Any part of the pattern may be quoted to force
the quoted portion to be matched as a string.

BASH: Everything but not slash? IF STATEMENT (STRING COMPARISION)

I'm trying to match any strings that start with /John/ but does not contain / after /John/
if
[ $string == /John/[!/]+ ]; then ....
fi
This is what I got and it doesn't seem to be working.
So I tried
if
[[ $string =~ ^/John/[!/]+$ ]]; then ....
fi
It still didn't work, and so I changed it to
if
[[ $string =~ /John/[^/] ]]; then ....
fi
It worked but will match with all the strings that has / behind /John/ too.
For bash you want [[ $string =~ /John/[^/]*$ ]] -- the end-of-line anchor ensures there are no slashes after the last acceptable slash.
How about "the string starts with '/John/' and doesn't contain any slashes after '/John/'"?
[[ $string = /John/* && $string != /John/*/* ]]
Or you could compare against a parameter expansion that only expands if the conditions are met. This says "after stripping off everything including and after the last slash, the string is /John":
[[ ${string%/*} = /John ]]
In fact, this last solution is the only entirely POSIXLY_STRICT one I can come up with without multiple test expressions.
[ "${string%/*}" = /John ]
By the way, your problem is probably simply be using double-equals inside a single-bracket test expression. bash actually does accept them inside double-bracket test expressions, but a single equals is a better idea.

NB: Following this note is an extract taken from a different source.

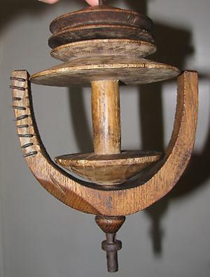 Antique primitive oak wood spinning wheel flyer bobbin spool Lithuania 1900 #2
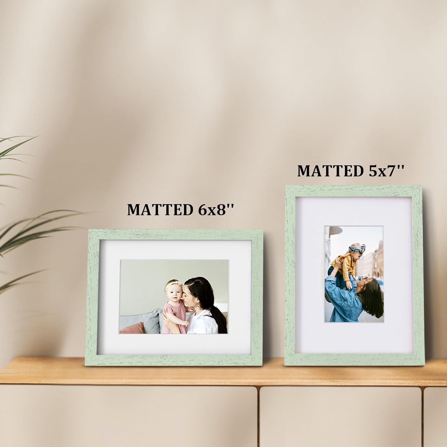 Egofine 9x12 Picture Frames Set of 4, Made of Solid Wood Covered by Plexiglass 5x7 and 6x8 with Mat or 9x12 without Mat, for Table Top Display and Wall Mounting Photo Frame Rustic Green

You can also use plain old grep:
string='/John Lennon/Yoko Ono'
if echo "$string" | grep -q "/John[^/]" ; then
echo "matched"
else
echo "no match found"
fi
This only fails if /John is at the very end of the string... if that's a possibility then you can tweak to handle that case, for instance:
string='/John Lennon/Yoko Ono'
if echo "$string" | grep -qP "(/John[^/])|(/John$)" ; then
echo "matched"
else
echo "no match found"
fi
Not sure what language you're using, but normal negative character classes are prefixed with a ^
e.g.
[^/]
You can also put in start/end qualifiers (clojure example, so Java's regex engine). Usually ^ at beginning and $ at end.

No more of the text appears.